If you took advantage of the Cash for Clunkers program to buy yourself a brand new vehicle, you might be wondering about how you deal with the taxes involved in getting that $3,500 or $4,500 voucher. The IRS isn’t in the business of letting you get something for nothing!

Federal Taxes

You might be surprised to learn that there are no federal tax consequences. The IRS does not consider the voucher as income so you won’t need to pay any taxes on it. You can also take advantage of any State and Federal tax incentives for buying hybrid vehicles, the Cash for Clunkers voucher doesn’t cancel that out (something the dealer probably told you if you purchased a qualifying hybrid vehicle).

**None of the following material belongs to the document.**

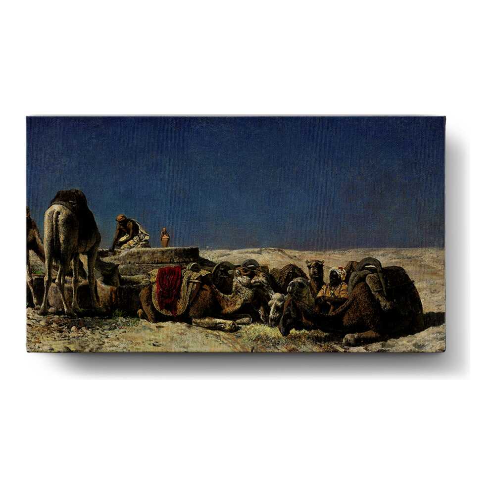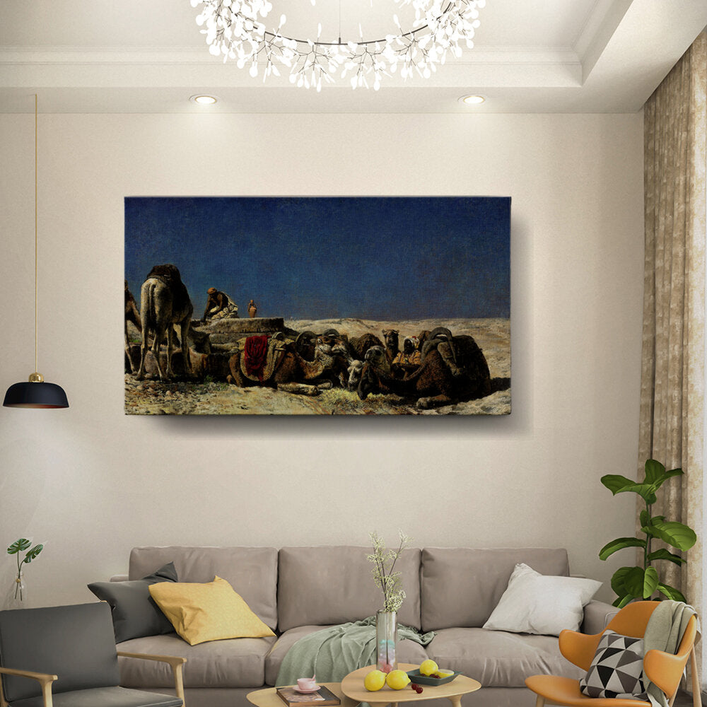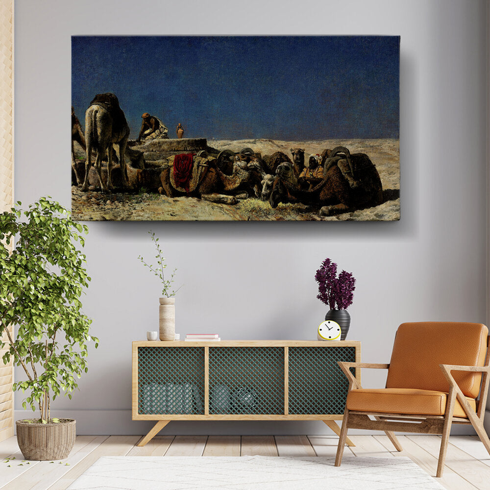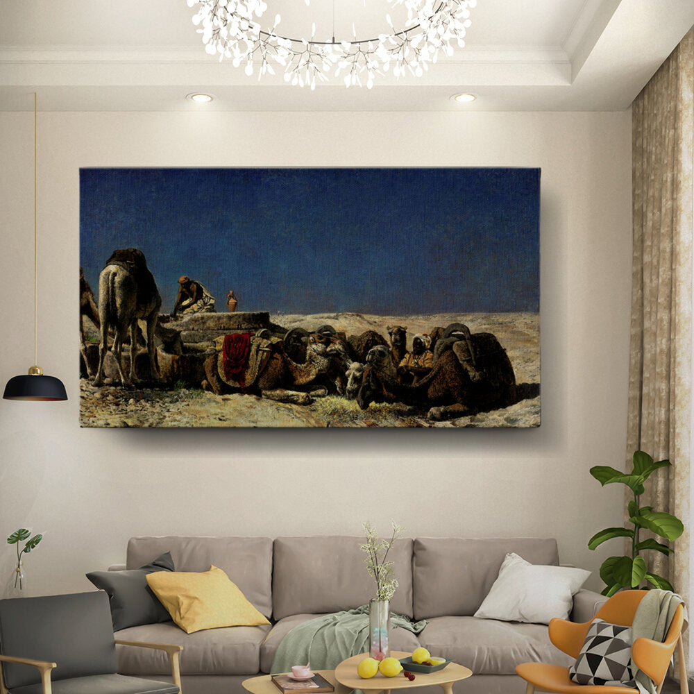 This captivating oil painting depicts a serene moment in a desert landscape, where a camel caravan takes a break. The rich details of the camels and the human figures offer a glimpse into the life of nomadic travelers. The vast sky adds to the sense of open space and tranquility.

For a full list of those vehicles, as well as how much of a credit you receive, visit’s Energy Tax Credits for Hybrids page.

State & Local Taxes

You may have to pay taxes to the state or local government on the tax voucher though. For example, in Maryland, you pay a 6% sales/excise tax on the price of a car when you register it. If you purchased a car with a voucher, you have to pay the 6% tax on the full purchase price of the vehicle including the voucher. So on a $3,500 voucher, Maryland residents pay $210. On the $4,500 voucher, Maryland residents pay $270. The voucher is not recognized as income in the state of Maryland, but you still pay taxes through sales tax.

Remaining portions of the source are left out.